André Cunha

Personal information
- Full name: André Albino Carvalho da Cunha
- Date of birth: 16 February 1978 (age 48)
- Place of birth: Cambeses, Portugal
- Height: 1.84 m (6 ft 1⁄2 in)
- Position: Midfielder

Team information
- Current team: Cruzeiro (assistant)

Youth career
- 1989–1992: Braga
- 1994–1995: Cambeses
- 1995–1996: Ninense

Senior career*
- Years: Team / Apps / (Gls)
- 1996–1997: Ninense
- 1997–1998: Académico Martim
- 1998–2000: Ninense
- 2000–2001: Fão
- 2001–2002: Famalicão / 30 / (9)
- 2002–2003: Covilhã / 30 / (3)
- 2003–2004: Marco / 26 / (2)
- 2004–2006: Espinho / 50 / (15)
- 2006–2007: Ribeirão / 20 / (9)
- 2007–2008: Estoril / 29 / (3)
- 2008–2010: Vizela / 37 / (3)
- 2010–2013: Gil Vicente / 93 / (6)
- 2013–2014: Ribeirão / 11 / (0)
- 2014–2015: Vilaverdense / 41 / (2)
- Total:  / 367 / (52)

Managerial career
- 2017–2018: Merelinense
- 2018: Vilaverdense
- 2021–2022: Braga B (assistant)
- 2024: Botafogo (assistant)
- 2025–2026: Al-Rayyan (assistant)
- 2026–: Cruzeiro (assistant)

= André Cunha (Portuguese footballer) =

Portuguese footballer

André Albino Carvalho da Cunha (born 16 February 1978) is a Portuguese retired footballer who played as a midfielder, currently a manager who is the assistant coach of Campeonato Brasileiro Série A club Cruzeiro.

==Club career==
Born in Cambeses, Barcelos, Cunha represented three clubs as a youth, including S.C. Braga from 1989 to 1992. During two of his formative years he took a break from association football and played futsal, already as a senior.

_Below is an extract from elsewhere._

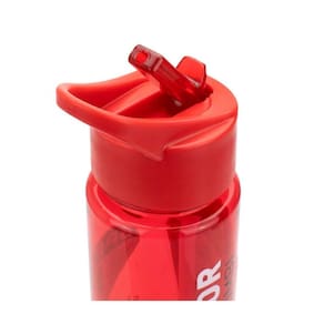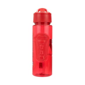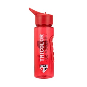 Garrafa de plástico com canudo retrátil usualmente usado para academia. Capacidade para 700 ml, com a tampa que rosquei e apoio para dedos. Aperte a garrafa para tornar o jato mais forte. Na cor do São Paulo FC com escudo do time.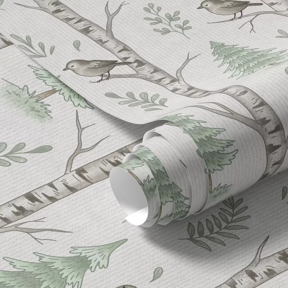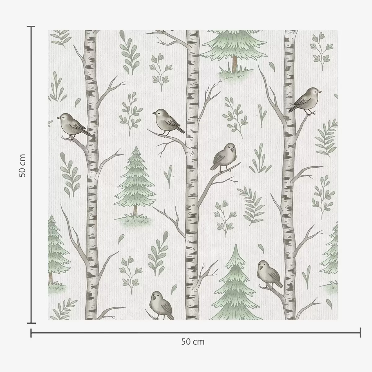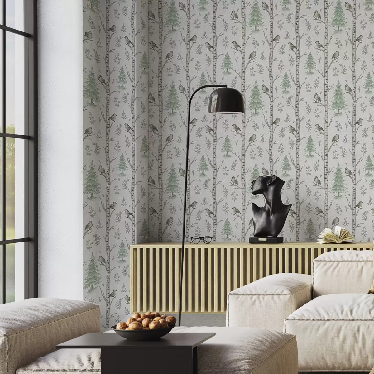 Behang Berken met vogels in een lichtgroen bos Nr. a00316

Cunha competed in amateur football until the age of 23. In the 2001–02 season he joined F.C. Famalicão of the third division and, from then onwards, rarely settled with a team, alternating between the third and the second tiers.

In mid-January 2010, Cunha signed for Gil Vicente F.C. in division two, from F.C. Vizela in the league immediately below. In his first full season, he contributed 25 games (23 starts, 2,035 minutes, two goals) as they returned to the Primeira Liga after a five-year absence.

Cunha made his debut in the Portuguese top flight on 12 August 2011 – at the age of 33 years, five months and 27 days – playing the full 90 minutes in a 2–2 home draw against S.L. Benfica. On 29 January of the following year he scored his second goal of the campaign, in a 3–1 home win over FC Porto.